GM workers picket at the Oshawa Assembly Plant in Canada on Monday. Canada's Unifor union has vowed a fight with GM over the plant closure. (REUTERS)
November 27, 2018 05:00 AM

DETROIT -- General Motors' plans to end production next year at five North American plants and slash salaried head count by 15 percent will not come without risks and consequences. It will have to navigate political headwinds and not overplay its hand during upcoming union negotiations.

While Wall Street praised the actions as cost-cutting measures that will save the automaker $6 billion by 2020, union and political leaders condemned the moves as shortsighted and a betrayal to its workers and government, which less than a decade ago bailed out the automaker from bankruptcy.

President Donald Trump said he was "not happy" with the decision and spoke "very tough" with GM CEO Mary Barra about the moves.

The UAW vowed to "confront" the decision "through every legal, contractual and collective bargaining avenue," while Canadian union Unifor President Jerry Dias promised "one hell of a fight here in Canada with General Motors."

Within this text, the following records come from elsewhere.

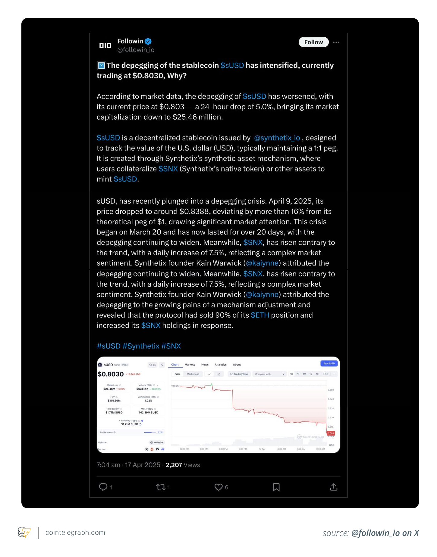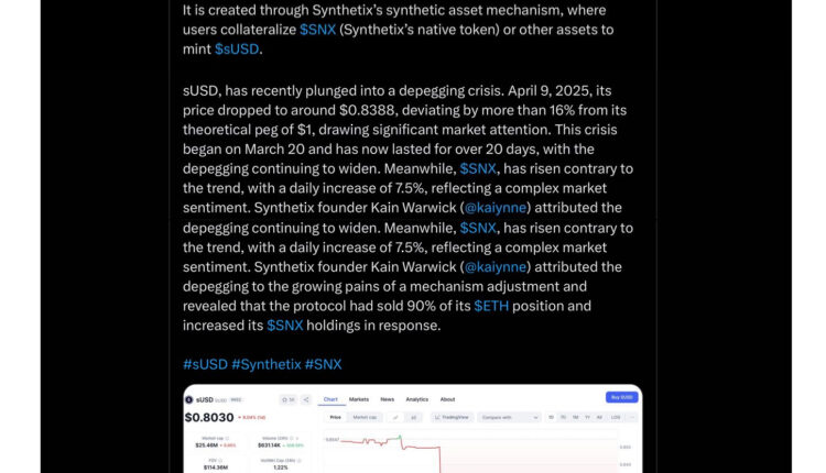 In a significant and concerning event in the cryptocurrency space, sUSD, the native stablecoin of the Synthetix protocol, saw its value plummet to $0.68 on April 18, 2025.
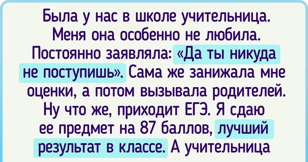 Была у нас в школе учительница. Меня она особенно не любила. Постоянно заявляла: «Да ты никуда не поступишь». Сама же занижала мне оценки, а потом вызывала родителей. Ну что же, приходит ЕГЭ. Я сдаю ее предмет на 87 баллов, лучший результат в классе. А учительница ни слова не сказала и, как я слышал, так и продолжает гнобить тех, кто ей не нравится. © AnatolySP / Pikabu
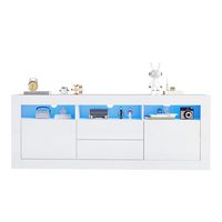 REDOM Lowboard Moderner Hochglanz-TV-Schrank mit LED-Beleuchtung (TV-Ständer für 70-Zoll-Fernseher, 3 offenen Fächern, 2 Türen, 2 Schubladen), mit LED-Beleuchtung
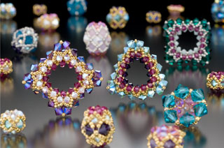 Crystal Elements include directions for a variety of balls, rondelles, triangles, squares, flowers, medallions and more! Receive a bonus instruction card for stitching rivolis in the triangle and square shapes. Seventeen full color photographed pages are in the instruction booklet. A follow up e-mail adds 2 pages to the instructions for larger sizes of triangles and squares.
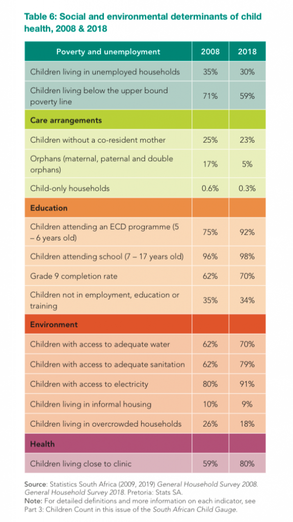 In Südafrika leben 19,7 Millionen Kinder (Einwohner unter 18 Jahre). 50% der Bevölkerung sind unter 25 Jahre alt. Obwohl die Kinderarmut in den letzten Jahren durch die Einführung und den Ausbau des Child Support Grant ( eine Art Kindergeld in Höhe von 430R pro Monat und Kind) gesunken ist, leben fast immer noch 60% der Kinder unterhalb der Armutsgrenze ( Haushalt mit weniger als 1.183 R pro Kopf Einkommen). 12 Millionen Kinder beziehen den CSG.
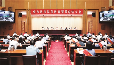本报讯 近日,湖州市政法队伍教育整顿总结大会召开,深入学习贯彻习近平总书记“七一”重要讲话精神和关于政法队伍建设的重要指示精神,认真落实中央第七督导组、省委第四驻点指导组反馈意见,全面总结成绩经验,着力推动各级各部门持续抓好政法队伍建设。

GM did not announce the closure of the plants -- Oshawa Assembly in Canada, Lordstown Assembly in Ohio and Detroit-Hamtramck Assembly in Michigan -- but said it would not allocate any products. Propulsion plants in Maryland and Michigan also will not be given any product.

Not allocating product doesn't mean the plants will permanently close, but it puts their future and the jobs of roughly 6,700 hourly and salaried factory employees -- 3,800 in the U.S. and 2,900 in Canada -- at risk heading into contract negotiations with the UAW in 2019 and Unifor in 2020.

Doubling down

GM's actions are meant to increase the automaker's profits and strengthen its core business, while it doubles investment in autonomous and battery electric vehicles by 2020 -- a year before the automaker is expected to launch an all-new profitable electric vehicle platform.

"I think these actions demonstrate our continued focus on driving cost efficiencies and supporting the ongoing work to make General Motors more agile, resilient and profitable to position the company for long-term success," Barra told reporters on Monday.